ネタバレですが,東京国立博物館での戦時下の資料の疎開が鍵となっています。
東京国立博物館百年史』を調べてみると,まず,1941年2月21日に,東京帝室博物館総長から宮内大臣に,有事の際の保護方針案について上申を行っていたことが載っています(格納庫の建設,上野付近崖地に横穴式倉庫建設等の構想)。4月5日に変更案を上申(横穴式倉庫はやめて現在地に地下倉庫)。
まあ,実際上は巨大施設の整備は困難だったようで,疎開に移っていきます。1941年8月18日に第一陣の疎開(約20点)が奈良帝室博物館へ。1942年7月には南多摩郡横山村武蔵陵墓への疎開も行われます。
 1943年12月14日には政府で「国宝,重要美術品の防空施設整備要綱」が閣議決定され,建造物に対する防護設備の強化や偽装の実施,分散疎開などの措置が定められます。これも踏まえ,1944年には出品者への疎開の意味での返却,武蔵陵墓内倉庫への疎開福島県耶麻郡翁島高松宮別邸への疎開が行われます。さらに1945年には武蔵陵墓に疎開された資料の再疎開も含め,京都府桑田郡山国村常照皇寺,京都府桑田郡弓削村弓削旅館,岩手県二戸郡浄法地町大森邸・小田島邸への疎開が行われています。
戦後は,1946年1月から還送が開始されたが,常照皇寺分は還送が遅れ,少なくても7月までずれ込んだようです。
この疎開と還送が『症例A』の大きな材料になっています。
ちなみに,1945年3月10日(東京大空襲の日)から東京国立博物館は閉館し,再開したのは1946年3月24日とのことです。1947年には帝室博物館は国へと移管されています。

国立科学博物館疎開

国立科学博物館百年史』を見ると,1945年3月に山梨県東八代郡八代村南,長野県軽井沢町南原,群馬県碓氷郡九十九村小日向,山梨県北巨摩郡清春村中丸,栃木県芳賀郡物部村高田,神奈川県横浜市中区山手町120に疎開したことが出ていました。還送については1946年3月までに終了させる計画が,最終的に完了したのは1948年1月20日であったとのことです。
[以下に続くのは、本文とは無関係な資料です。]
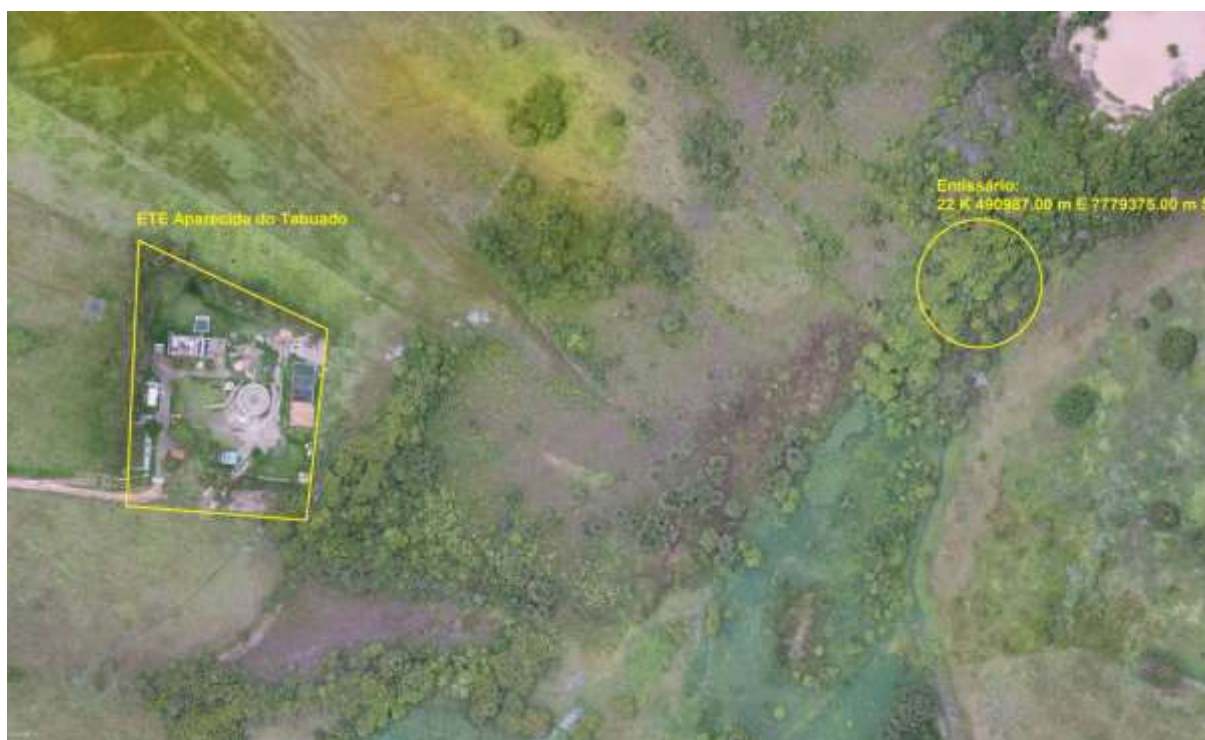
Figura 3: Vista aérea da ETE Aparecida do Taboado e entorno, Aparecida do Taboado, MS.

A ETE Aparecida do Taboado, de acordo com o Sistema Interativo de Suporte ao Licenciamento Ambiental (SISLA) de MS, não se sobrepõe a nenhuma Unidade de Conservação ou Zonas de Amortecimento, nem a Terras Indígenas, Áreas de Perambulação, Quilombolas e Assentamentos Rurais (Figura 4).

戦争による被害についても紹介されています。

私(岩佐動物学部主任)が来た時は建物はもう軍の手で取り壊されており,中にあった旧帝室博物館以来の多数の古い剥製標本の姿は殆どない。空地に穴を掘って埋めたとのことであり,わずかに残っていた剥製も皮を切り裂かれ,尻尾を切られ,などと惨憺たる有様である。

資料は,(大日本帝国軍隊によって)瓦礫のように扱われて破損あるいは散逸してしまった。本館が太平洋戦争で蒙った最大の被害はこのとき生じたものである。

ちなみに,東京国立博物館と同じく1945年3月10日から一時閉館となり,同年12月1日から再開したということです。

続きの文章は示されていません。